About this exercise - Please leave out pictures and print exactly the lines from the one that has "Pletená čiapočka s" through the last line of the material below.

Provided material -
<<<<
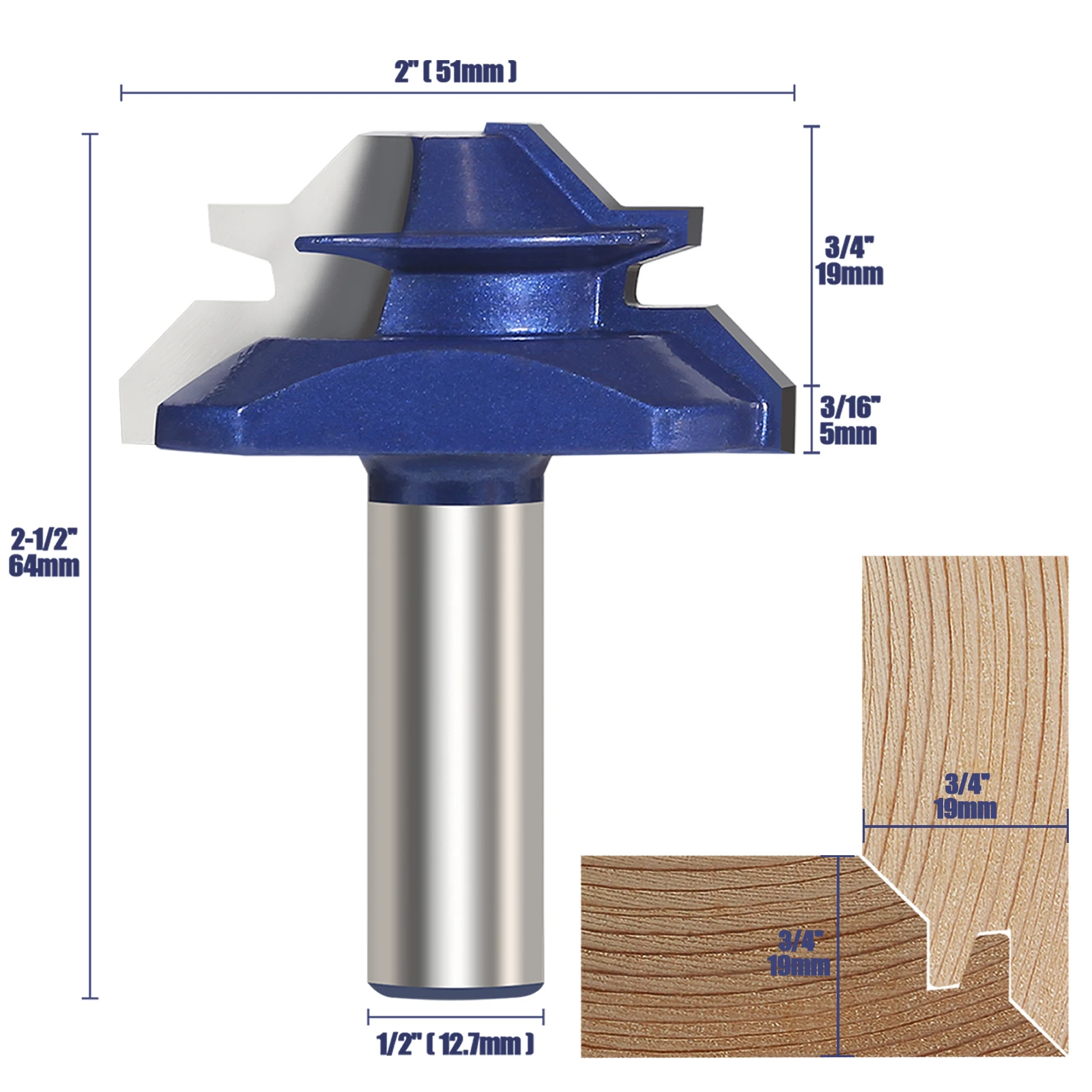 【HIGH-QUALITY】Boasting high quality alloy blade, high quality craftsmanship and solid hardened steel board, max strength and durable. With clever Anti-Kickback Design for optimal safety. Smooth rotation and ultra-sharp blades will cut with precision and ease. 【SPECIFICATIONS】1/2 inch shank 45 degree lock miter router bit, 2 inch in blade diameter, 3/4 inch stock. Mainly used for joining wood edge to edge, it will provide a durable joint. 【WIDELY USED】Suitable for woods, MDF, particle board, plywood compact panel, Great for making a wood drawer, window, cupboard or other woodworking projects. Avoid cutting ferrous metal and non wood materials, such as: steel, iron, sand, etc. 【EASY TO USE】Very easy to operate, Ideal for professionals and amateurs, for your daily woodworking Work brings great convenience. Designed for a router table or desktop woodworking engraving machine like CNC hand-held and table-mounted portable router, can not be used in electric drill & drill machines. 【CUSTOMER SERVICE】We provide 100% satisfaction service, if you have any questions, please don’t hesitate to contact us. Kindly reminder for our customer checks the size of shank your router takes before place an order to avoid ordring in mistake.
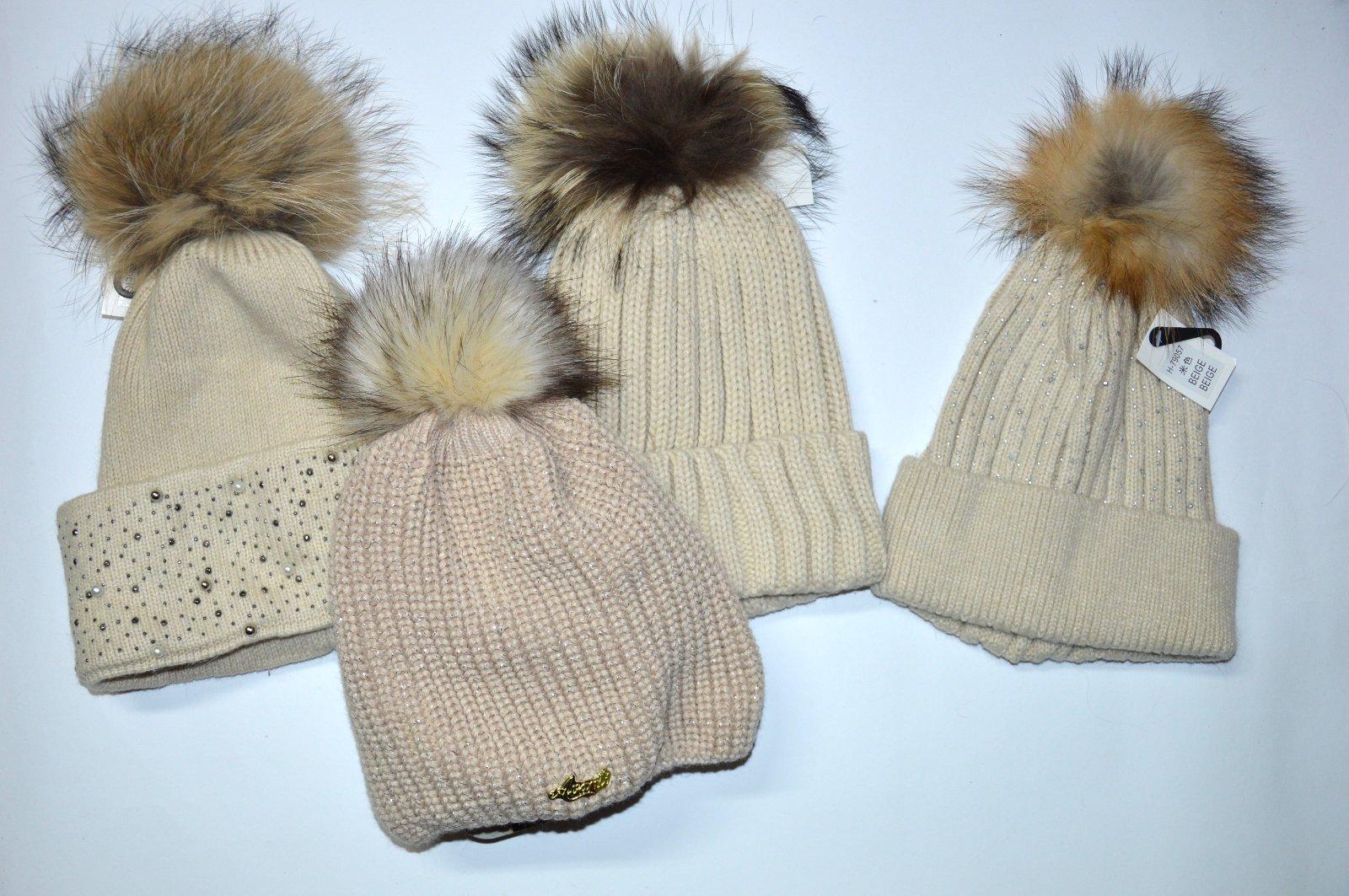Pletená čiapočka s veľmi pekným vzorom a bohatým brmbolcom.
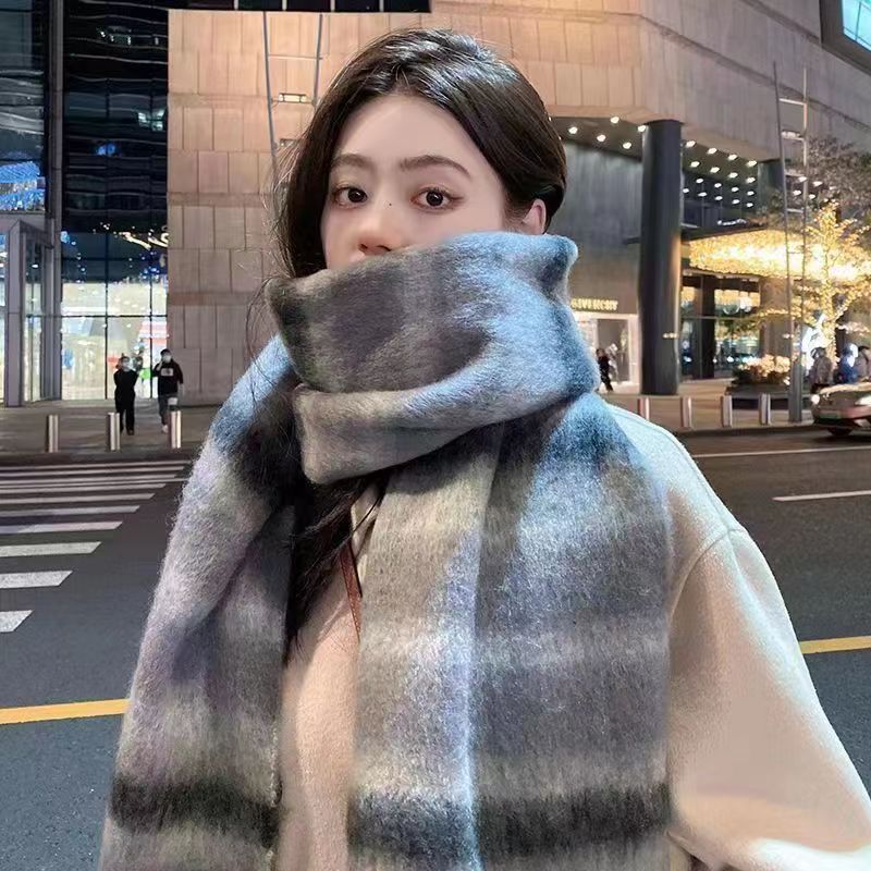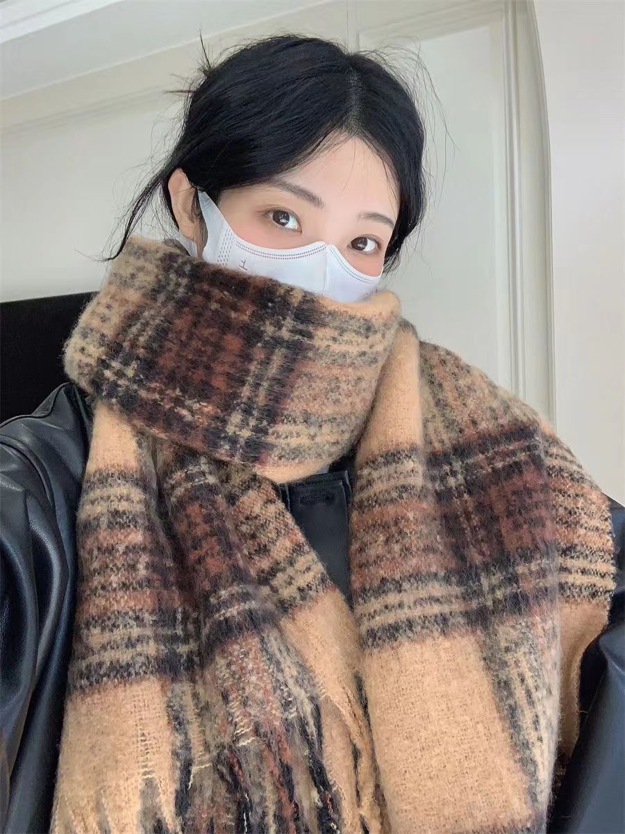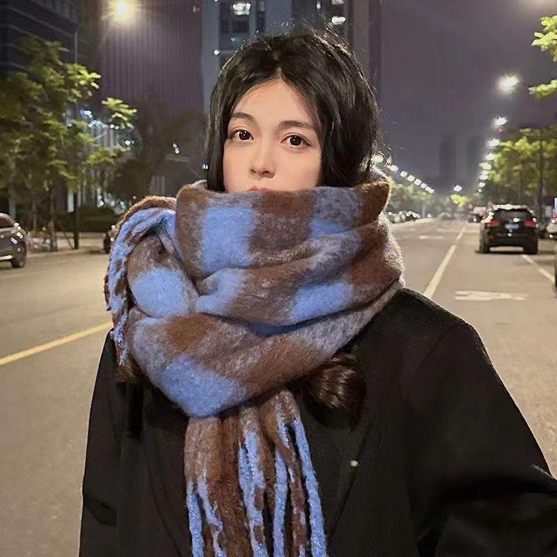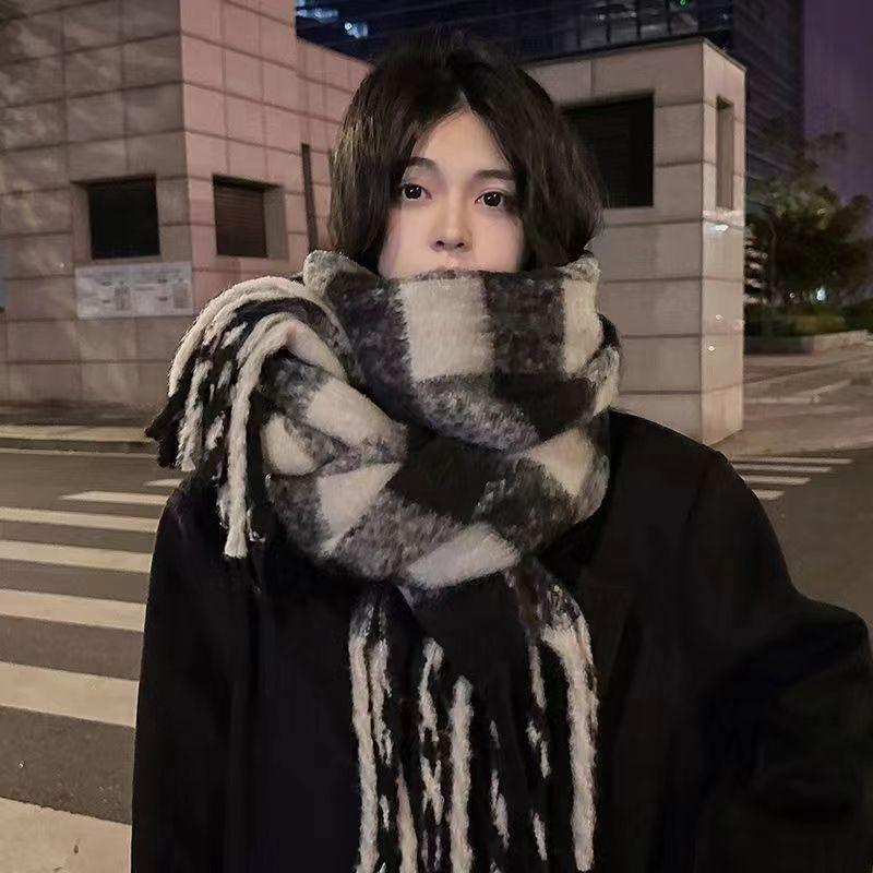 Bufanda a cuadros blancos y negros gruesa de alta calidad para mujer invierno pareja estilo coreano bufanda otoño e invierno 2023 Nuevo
>>>>
Solution to the problem -
Pletená čiapočka s veľmi pekným vzorom a bohatým brmbolcom.
 Bufanda a cuadros blancos y negros gruesa de alta calidad para mujer invierno pareja estilo coreano bufanda otoño e invierno 2023 Nuevo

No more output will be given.